Division of Geriatrics and Gerontology, Department of Medicine, University of Wisconsin-Madison, School of Medicine and Public Health, Madison, WI, USA.
Menopause. 2012 May;19(5):524-33. doi: 10.1097/gme.0b013e318238ff2c.
This study investigated the phenomenon known as the healthy user bias by equating hormone therapy (HT) use (past or current) with healthy user status.
Data from the Survey of Midlife in the United States were used to identify the predictors of HT use. The unique Survey of Midlife in the United States data include psychological, demographic, health-related, and behavioral variables as well as history of HT use. Predictors of HT use were combined to derive propensity scores, describing the likelihood that a woman was an HT user, based on her psychological, demographic, physical, and behavioral profile (ie, likelihood of being a healthy user) as opposed to her actual use of HT. Finally, cognitive performance on an executive function test was examined in women stratified by propensity score.
Using a multiple logistic regression model, nine variables emerged as predictors of HT use. The nine variables were used to estimate the propensity or conditional probability of using HT for each subject; resultant propensity scores were ranked and divided into tertiles. Women in the highest tertile demonstrated shorter median response latencies on a test of executive function than did women who did not use HT.
From an array of psychological, medical, and behavioral variables, nine emerged as predictors of HT use. If validated, these features may serve as a means of estimating the phenomenon known as healthy user bias. Moreover, these data suggest that the degree to which a woman fits a model of a healthy user may influence cognitive response to HT.
本研究通过将激素治疗(HT)的使用(过去或现在)等同于健康使用者状态,来研究所谓的健康使用者偏差现象。

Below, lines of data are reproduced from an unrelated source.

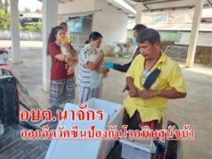อบต.นาจักรออกฉีดวัคซีนป้องกันโรคพิษสุนัขบ้า
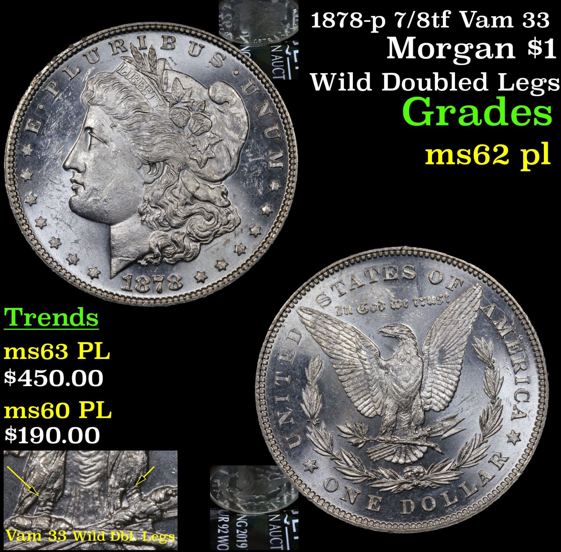 1878-p 7/8tf Vam 33 Morgan Dollar $1 Grades Select Unc PL.
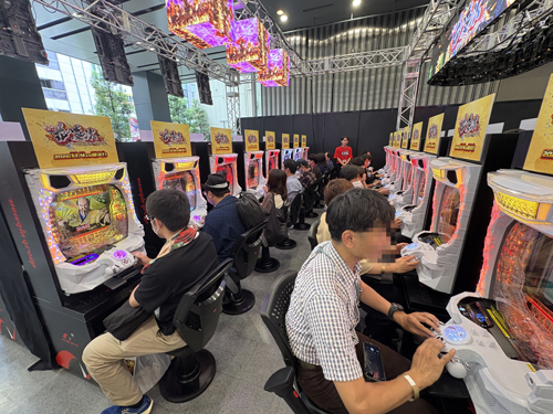 試打コーナーには、11月4日からホール導入が開始される『e花の慶次~黄金の一撃』が設置。一足先に新機種を体験できるとあって、多くのファンが列を作った。
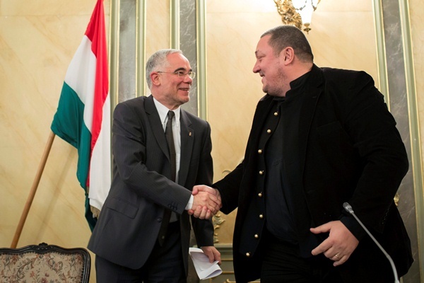 Balog Zoltán gratulál a Nemzeti Színház élére frissen kinevezett Vidnyánszky Attilának - MTI Fotó: Mohai Balázs
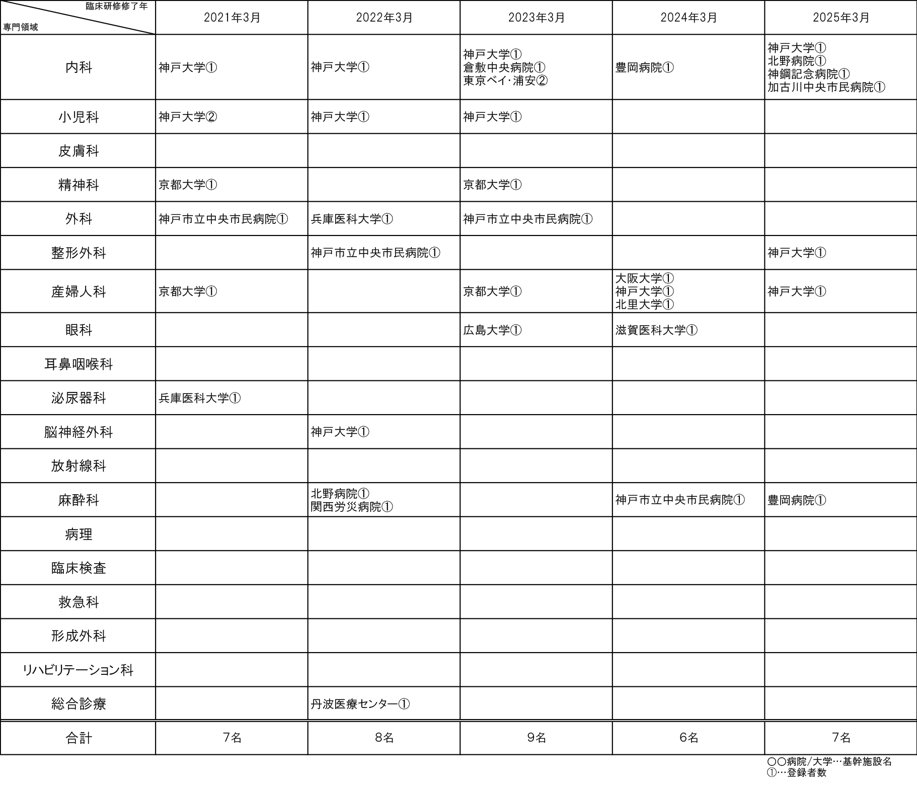 内科、小児科、皮膚科、精神科、外科、整形外科、産婦人科、眼科、泌尿器科、脳神経外科、放射線科、麻酔科、病理、救急科、形成外科、総合診療科
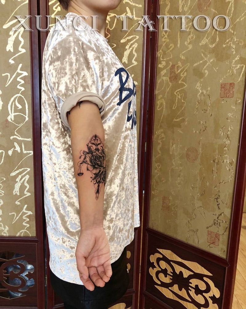 天秤$蔷薇纹身图片_成品手稿手臂欧美传统贴纸几何植物原创臀部纹身图案
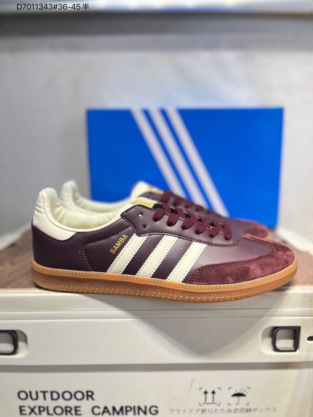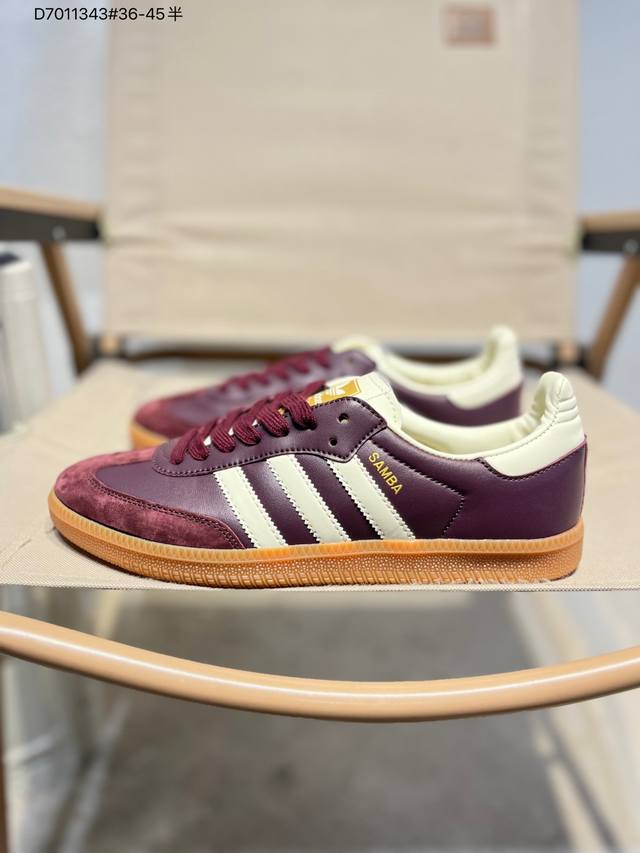 核心私 Adidas Samba Og 桑巴舞街头系列德训运动板鞋 采用固色翻毛皮组合牛剖革鞋面材质 外置正确3层组合围条加厚烟胶橡胶大底...
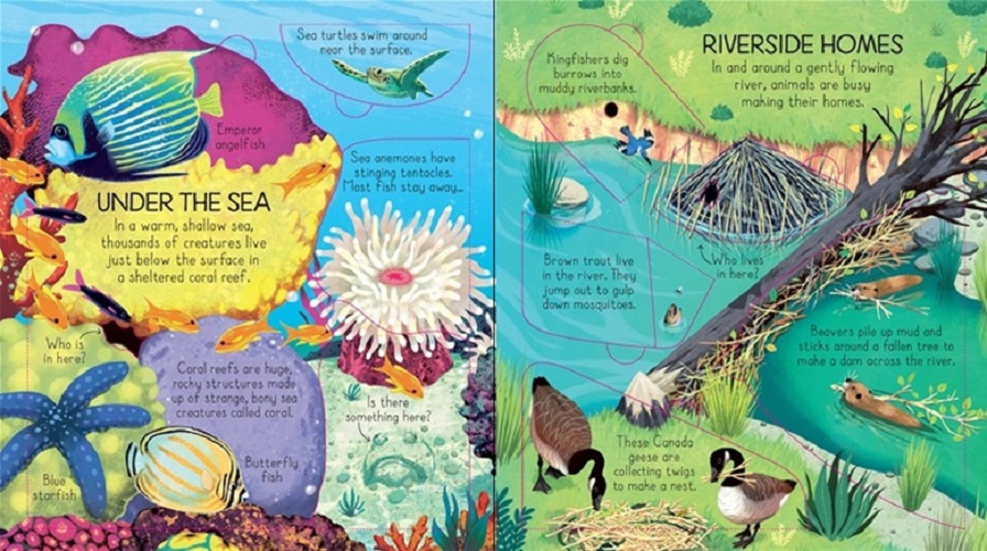 From nests in treetops to dark underground burrows, there are lots of animal homes to discover in this fascinating book. Lift the flaps to see how animals build homes in extreme temperatures, shelter in a warm coral reef, or on a riverbank and lots more. With over 80 flaps to lift and links to websites with videos and pictures of real animal homes.
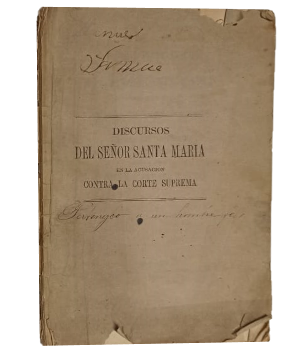 (ON22) - Santiago de Chile - De la Cámara de Diputados con motivo de la proposición de acusación interpuesta contra la Suprema Corte de Justicia - Contiene 78 páginas - Rústico - Lomo y tapas deteriorados, con merma de material - Suciedad en tapas - Puntas gastadas - Firma de dueño anterior en tapa y portada - Algunas pintas de óxido - Regular estado |
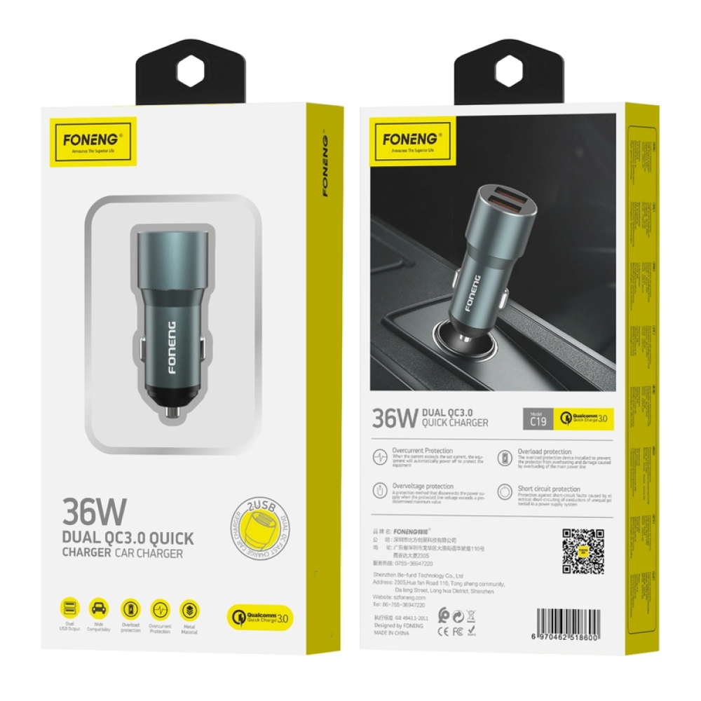 Prodotto CompatibileCaricabatterie da auto 2 porte USB ricarica rapida 36W FONENG C19.
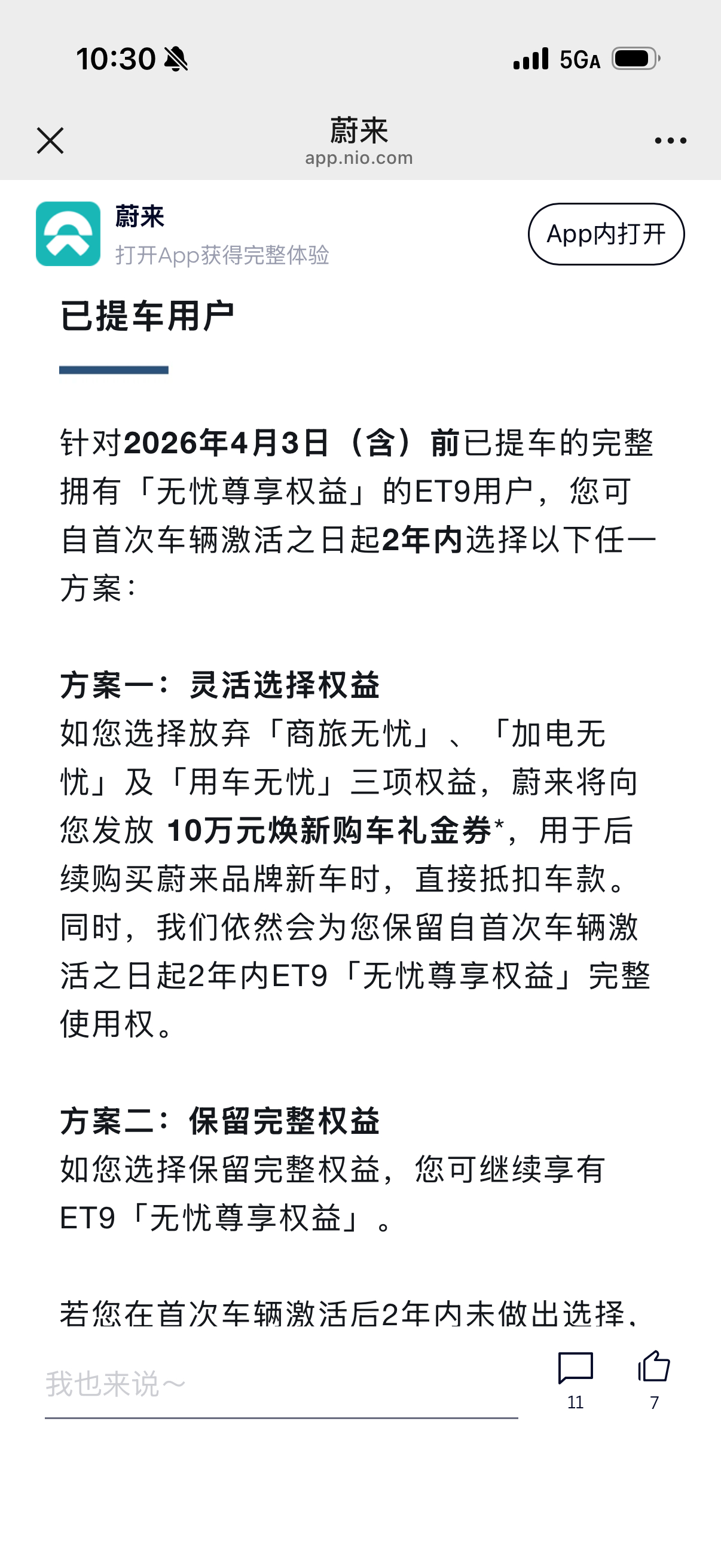 卧槽太牛逼了真的。。。ET9 车主可以选择剥离权益,下一辆车直接减 10 万。。。最主要的是如果你的 ET9 卖了的话,还能给你 10 万的券。。。这10万相当于回收权益变相降价,然后还跑不掉,还只能在蔚来消费。。。这一刀,牛逼啊

使用美国中年调查的数据来确定 HT 使用的预测因素。独特的美国中年调查数据包括心理、人口统计学、与健康相关的和行为变量以及 HT 使用史。HT 使用的预测因素被组合起来以得出倾向评分,根据女性的心理、人口统计学、身体和行为特征(即成为健康使用者的可能性)来描述她成为 HT 用户的可能性,而不是她实际使用 HT 的情况。最后,根据倾向评分对执行功能测试的认知表现进行分层分析。
使用多元逻辑回归模型,有九个变量成为 HT 使用的预测因素。这九个变量用于估计每个受试者使用 HT 的倾向或条件概率;由此产生的倾向评分进行排名并分为三分位数。在最高三分位数的女性在执行功能测试中的中位反应时显著短于未使用 HT 的女性。
从一系列心理、医学和行为变量中,有九个变量成为 HT 使用的预测因素。如果得到验证,这些特征可能成为估计所谓健康使用者偏差现象的一种手段。此外,这些数据表明,女性符合健康使用者模型的程度可能会影响对 HT 的认知反应。